There are also some problems that arise for me when I also consider the group themselves. Their concept is highly homo-erotic in nature and features that stereotypical sexualisation of male homosexuality with all the leather, caps and mini-jackets. Many people have come to the conclusion that the members themselves are homosexual, but that is irrelevant to me. What I can see in their image however, is the gross commodification of male homosexuality. I have a few gay friends and I can empathise with their frustration at the pressure they feel to live up to the media’s portrayal of homosexuality and I cannot help but feel that N.O.M are perpetuating this, and considering how hard it must be to get noticed on the K-Pop scene, the cynical side of me sees the producers of N.O.M rubbing their hands together in glee.

Then again, this concept has clearly not been all that successful when confronted with obstacle of using the South Korean media to promote it. This group has basically faced a shutdown in terms of media platforms made available to them precisely because of their controversial image.

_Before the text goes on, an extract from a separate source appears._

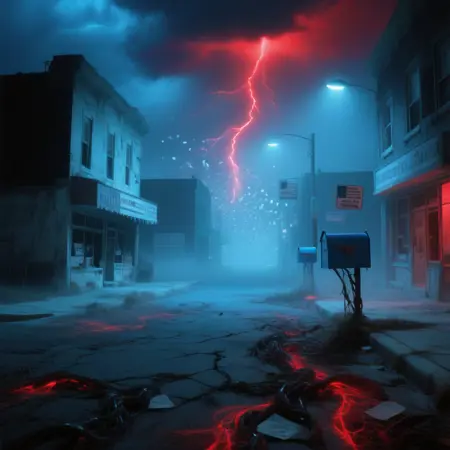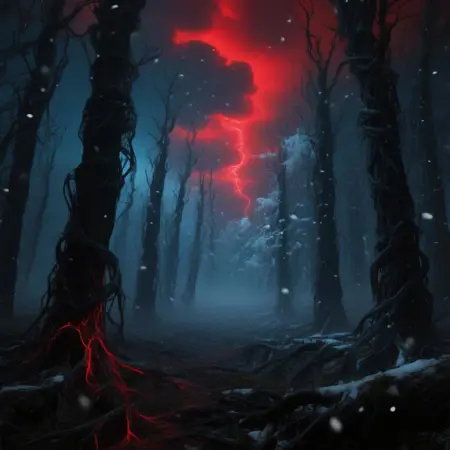 暗黑超现实景观、恐怖环境、异界维度、冷蓝调环境光、猩红发光云层、氛围雾气、发光白色尘埃、漂浮灰烬粒子、低饱和色彩、诡异静谧、被污染的自然、黑色触须、发光红血管、电影级恐怖光影、腐朽建筑、非自然的静止、幽灵氛围、柔和雾层叠加、死寂氛围、苍白蓝调、超现实世界设计、脉动有机纹理、梦幻恐怖、冻结的现实、废弃结构、腐烂表面、高对比光影、恐怖风格腐化、压迫性环境、慢动作氛围

It makes me feel that my prior cynicism is misplaced, surely they would have known the adverse reaction they were opening themselves up to by taking on this position? Perhaps they are using this concept for more genuine reasons than to simply shock and gain attention?

The fellow staff member that brought this group to my attention suggested the idea that their concept partly existed to parody the homosexual undertones and homo-eroticism that is already present in the world of K-Pop. The area of ‘fanservice’ instantly comes to mind here, where idols of the same-sex will often engage in intimate ‘skinship’ to the delight of many fans and often entertain the ‘shippers’ of many same-sex idol couples created through fans’ slash-fiction writing. There are also many occasions where games in variety shows will encourage idol members to connect their bodies and lips (through paper), the results are often passed off as comedic accidents, but the very fact that these groups are participating in such games has a latent homo-erotic vibe to it.

Whether the intentions of N.O.M and their producers and pure or not, this is a representation of homosexuality in South Korea and, whether or not I agree with the nature of these representations, I think it is much-needed in a country where only one celebrity has come forward to express his homosexuality. Even though N.O.M’s concept may perpetuate hyper-sexualised stereotypes of homosexuality, I hope it gives the homosexual men and women of South Korea the strength to be happy in themselves and the knowledge that they are not alone. I sense that, much like in Britain, the younger generations are often more accepting of homosexuality than the older generations. Perhaps the passing of time and the presence of public figures such as Suk Chun and N.O.M will increase the acceptance of sexualities other than the heterosexual in South Korea.